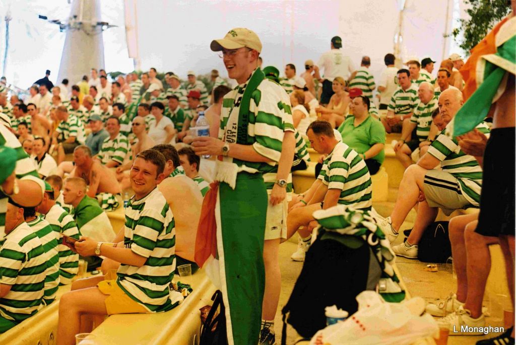 Celtic fans queuing for beer in Seville
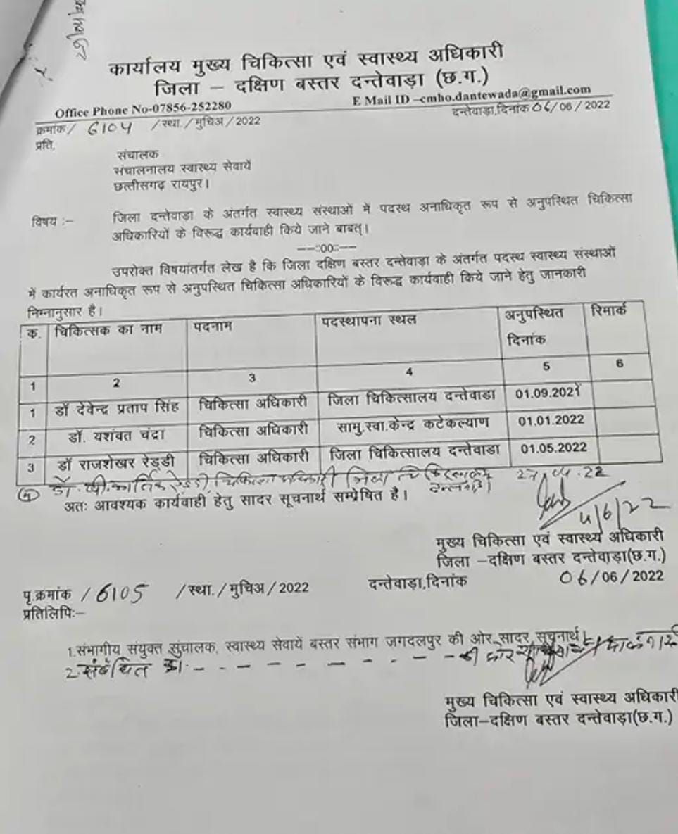लगातार 21 अगस्त 2021 से ड्यूटी से अनुपस्थित, CMHO व जिला अस्पताल ने 5 बार नोटिस जारी किया लेकिन कोई जवाब नहीं मिला।
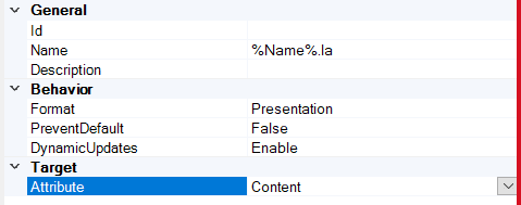 In the bind properties, the Presentation values are Format = Presentation, Attribute = Content:
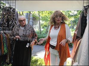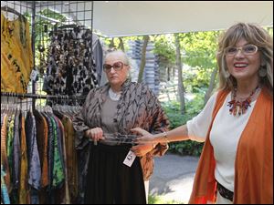 Rosalee Heyman, of Maumee, left, tries on clothes created by Marijke Benedict, of Allenwood, Pa., at the Preview Gala for the 49th Annual Crosby Festival of the Arts in Toledo.
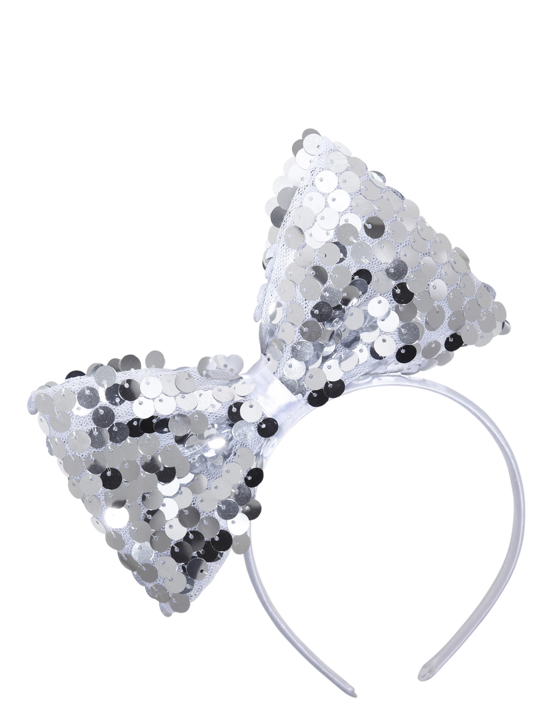 Deze haarband voor volwassenen heeft een grote zilverkleurige lovertjes strik erop geplaatst.

-.-.-

▸ **ACTIVITY**: Return exactly the lines starting at the line with "लगातार 21 अगस्त" and ending at the last line of the listing, both ends included; pictures are to be left out.

▸ **RESPONSE BELOW**:
लगातार 21 अगस्त 2021 से ड्यूटी से अनुपस्थित, CMHO व जिला अस्पताल ने 5 बार नोटिस जारी किया लेकिन कोई जवाब नहीं मिला।
 In the bind properties, the Presentation values are Format = Presentation, Attribute = Content:
 Rosalee Heyman, of Maumee, left, tries on clothes created by Marijke Benedict, of Allenwood, Pa., at the Preview Gala for the 49th Annual Crosby Festival of the Arts in Toledo.
 Deze haarband voor volwassenen heeft een grote zilverkleurige lovertjes strik erop geplaatst.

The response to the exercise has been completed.